# [Problem statement]
Transcribe every entry that follows exactly, omitting all pictures.

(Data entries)
--
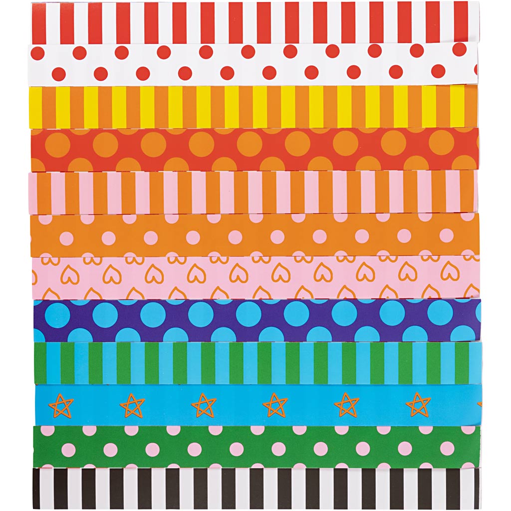 Papierketten aus Glanzpapier in hellen, kräftigen Farben – eine Seite glänzend, die andere Weiß. Pck. mit 12 verschiedenen Designs
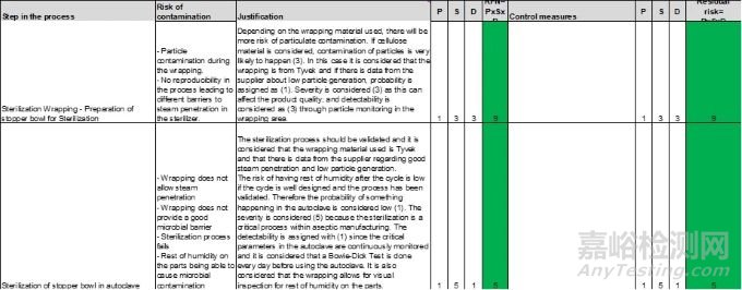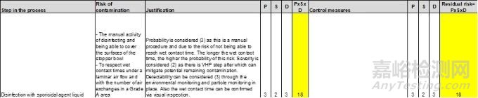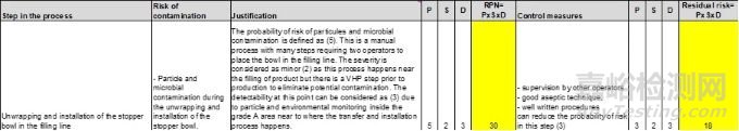 這一步驟的主要風(fēng)險(xiǎn)是清潔不成功。在這一干預(yù)過程中存在引入污染的風(fēng)險(xiǎn);然而,在這種類型的清潔方面有經(jīng)驗(yàn)的制造商報(bào)告說,這種風(fēng)險(xiǎn)非常低。應(yīng)根據(jù)歷史數(shù)據(jù)和每個(gè)制造商的經(jīng)驗(yàn)來修訂和評(píng)估這種風(fēng)險(xiǎn)的可能性,因?yàn)檫@將取決于殘留物、所使用的清潔劑、操作程序和灌裝線的設(shè)計(jì)。在本示例中,殘留物被認(rèn)為是硅油。清潔不成功的可能性可被認(rèn)為評(píng)分為 3 甚至 5,因?yàn)檫@是一個(gè)手動(dòng)過程,并且硅油是一種難以清潔的殘留物。由于難以通過目視檢查評(píng)估硅酮?dú)埩粑?,可檢測(cè)性評(píng)分為 5。嚴(yán)重程度評(píng)分為 2,因?yàn)檫@種殘留物不會(huì)影響產(chǎn)品質(zhì)量。這使得風(fēng)險(xiǎn)優(yōu)先數(shù)(RPN)在 30 到 50 之間,屬于中高風(fēng)險(xiǎn)。如果使用實(shí)驗(yàn)室模型來設(shè)計(jì)清潔程序,這種風(fēng)險(xiǎn)的可能性可以降低到評(píng)分為 3。這將導(dǎo)致風(fēng)險(xiǎn)優(yōu)先數(shù)(RPN)在 10 到 30 之間。如果殘留物易于清潔,清潔不成功的可能性可以降低到評(píng)分為 1,風(fēng)險(xiǎn)優(yōu)先數(shù)(RPN)為 10。
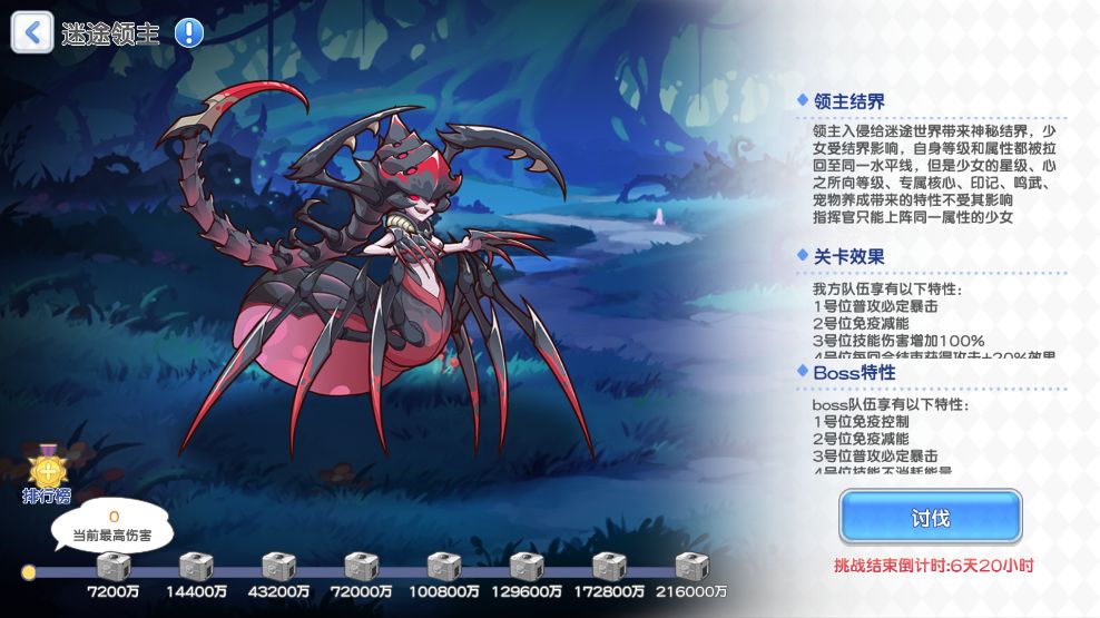 挑战世界boss时,指挥官拥有的少女攻击/防御/生命 属性将被拉平。
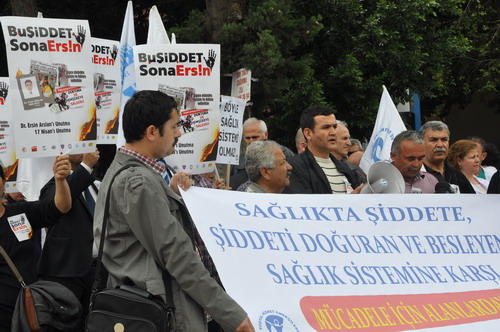 SES Antalya Şube Başkanı Mustafa Kılınç ve Çağdaş Hekimler adına Dr. Egemen Aktaş yaptıkları açıklamalarda "Dr.Ersin Arslan'ın ölüm yıldönümünde Sağlıkta Şiddete, Şiddeti Doğuran Ve Besleyen Sağlık Sistemine Karşı Mücadele İçin Alanlardayız" dediler.
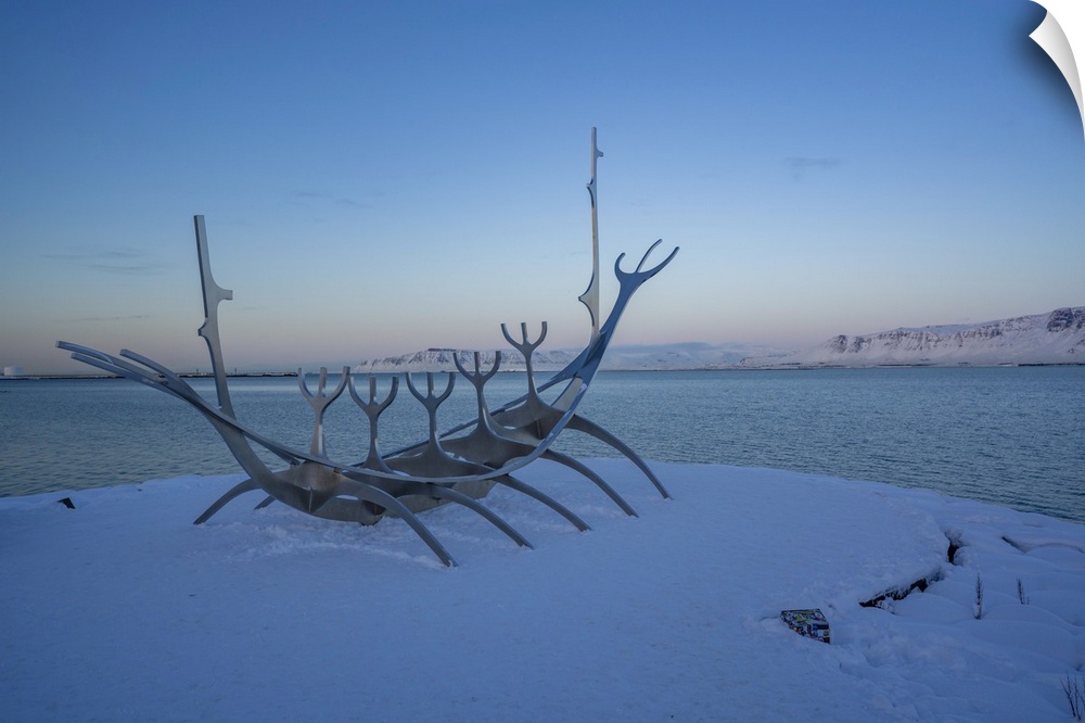 <p>View of the Sun Voyager sculpture at dusk in the city centre in winter, Reykjavik, Iceland</p>
--
# [Response to the task]
 Papierketten aus Glanzpapier in hellen, kräftigen Farben – eine Seite glänzend, die andere Weiß. Pck. mit 12 verschiedenen Designs
 這一步驟的主要風(fēng)險(xiǎn)是清潔不成功。在這一干預(yù)過程中存在引入污染的風(fēng)險(xiǎn);然而,在這種類型的清潔方面有經(jīng)驗(yàn)的制造商報(bào)告說,這種風(fēng)險(xiǎn)非常低。應(yīng)根據(jù)歷史數(shù)據(jù)和每個(gè)制造商的經(jīng)驗(yàn)來修訂和評(píng)估這種風(fēng)險(xiǎn)的可能性,因?yàn)檫@將取決于殘留物、所使用的清潔劑、操作程序和灌裝線的設(shè)計(jì)。在本示例中,殘留物被認(rèn)為是硅油。清潔不成功的可能性可被認(rèn)為評(píng)分為 3 甚至 5,因?yàn)檫@是一個(gè)手動(dòng)過程,并且硅油是一種難以清潔的殘留物。由于難以通過目視檢查評(píng)估硅酮?dú)埩粑?,可檢測(cè)性評(píng)分為 5。嚴(yán)重程度評(píng)分為 2,因?yàn)檫@種殘留物不會(huì)影響產(chǎn)品質(zhì)量。這使得風(fēng)險(xiǎn)優(yōu)先數(shù)(RPN)在 30 到 50 之間,屬于中高風(fēng)險(xiǎn)。如果使用實(shí)驗(yàn)室模型來設(shè)計(jì)清潔程序,這種風(fēng)險(xiǎn)的可能性可以降低到評(píng)分為 3。這將導(dǎo)致風(fēng)險(xiǎn)優(yōu)先數(shù)(RPN)在 10 到 30 之間。如果殘留物易于清潔,清潔不成功的可能性可以降低到評(píng)分為 1,風(fēng)險(xiǎn)優(yōu)先數(shù)(RPN)為 10。
 挑战世界boss时,指挥官拥有的少女攻击/防御/生命 属性将被拉平。
 SES Antalya Şube Başkanı Mustafa Kılınç ve Çağdaş Hekimler adına Dr. Egemen Aktaş yaptıkları açıklamalarda "Dr.Ersin Arslan'ın ölüm yıldönümünde Sağlıkta Şiddete, Şiddeti Doğuran Ve Besleyen Sağlık Sistemine Karşı Mücadele İçin Alanlardayız" dediler.
 <p>View of the Sun Voyager sculpture at dusk in the city centre in winter, Reykjavik, Iceland</p>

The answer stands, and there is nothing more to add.